Dispatch from the Sleepless Planet
I did not breed a sleeper. Zaley turns six months old this weekend, and I haven’t written for the past six months. People at the AWP conference last weekend kept telling me not to feel bad about not having written, and I don’t, but maybe that’s the real concern. Every time I try to write, it ends up being about not sleeping and numbers of diapers and all the other stereotypical things new parents write about their babies and I would rather be thinking and not writing than writing fairly thoughtlessly about pedantic, poopy occurrences in these blurry, lovey, new baby days.
I have been thinking about something. In Joshua Foer’s Moonwalking with Einstein, he writes about how when you do the same thing every day, time passes in an instant—days become months, months become years, and you look back and it has all flown past. But if you pack memories and novelty into your experience of minutes, time will unfold. This means that taking trips and going to new restaurants and having out-of-the-ordinary experiences will make a life feel longer, more lived. I am thinking this might explain why people must say the most repeated thing I’ve heard so far about parenting: “Enjoy this now! It goes so fast!” I don’t want this to go fast. I don’t want having a baby to mean that my life has turned boring.
Six months have, in fact, felt fast, but they’ve also stretched out beyond my comprehension of a pile of days. I feel like a planet orbiting a different track and looking back at the all the people still on the old one (the track on which planets move at a sensical and consistent pace because they are planets on which people sleep). We have not been bored. We went to Kauai and drank milk from five-dollar coconuts, we hiked up ocean-side cliffs, we hid Z under a striped umbrella on the beach and drank gin and orange juice and ginger ale, we came home and we met new neighbors, we celebrated new pregnancies, we witnessed the births of our friends' children, we snowshoed with our friends and their baby up to an old, sun-shot mine. We ate Mississippi catfish and squid spaghetti neri on my thirtieth birthday, we traveled to Boston in a snowstorm, we stayed with friends with walls of art and wooden measuring spoons and a Ukrainian grandma who calls Z "zaichik malenka" (small rabbit). We cut down the sumac tree, we stained the fence, we walked for miles, we rearranged the furniture, our days, our lives, for a crazy little foot-long addition to everything that had begun to seem normal. If I was bored, it was in the middle of the night when I was awake and she wasn’t, and I was thinking about how many people do this and how strong all those random, maybe weak-seeming people must be to be new parents because this shit is hard. Harder and better than I would have ever believed. See--even the childrearing clichés have become truer than I ever expected ("Your life will never be the same," "You'll never sleep again," "You'll worry till the day you die.")

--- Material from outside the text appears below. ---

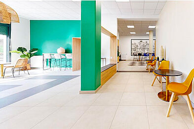 Services disponibles dans la résidence : laverie, espace lounge, espace de travail, local à vélo

I think that time must only collapse or unfold when you are looking back at it, because right now, time has no bearing besides the weeks left before I go to Alaska, and I don’t know right now if it feels like Zaley just arrived or like her growly breath has been been beside mine all my life. Luke left a week ago and he’s in Port Townsend, Washington, grinding down a deck under a shower of sparks and getting ready for weeks at sea sending black cod through an on-board guillotine, which he is proud of and which disgusts me. I, meanwhile, take photos and send the ones that look like real life to him--me tired, the baby beautiful--wishing I still learned at the rate of an infant. Eating! Walking! Language! Language!--the wildness of this when considered and witnessed.
Zaley started eating avocados this week. I started writing. I feel like I’m pushing the words out like she does the fruit. It runs down her chin in chunks and she purses her lips each time I reintroduce it. No! It's not good! Stop forcing it! It snowed last night and it will be 75 on Friday. The spring moves forward and the clocks just did too, and I hope I remember enough of right now for this new part of life to feel long, but not too long, for sleep to come but not so much of it that I will not have those moments to wake up in the middle of the night and do what my mom always did, but which I never understood or which I maybe even thought was sentimental, and that is just staring at those perfect clamped eyelids, criss-crossed by scratchy maroon veins, a pulse hammering its own rhythm under skim milk skin, this miracle, this miracle of sucking and (rare but exquisite) sleeping and pumping to all extremities the same blood that I saw on the ultrasound before I knew I would do such things and feel doubled over and doubled instead of just being one being.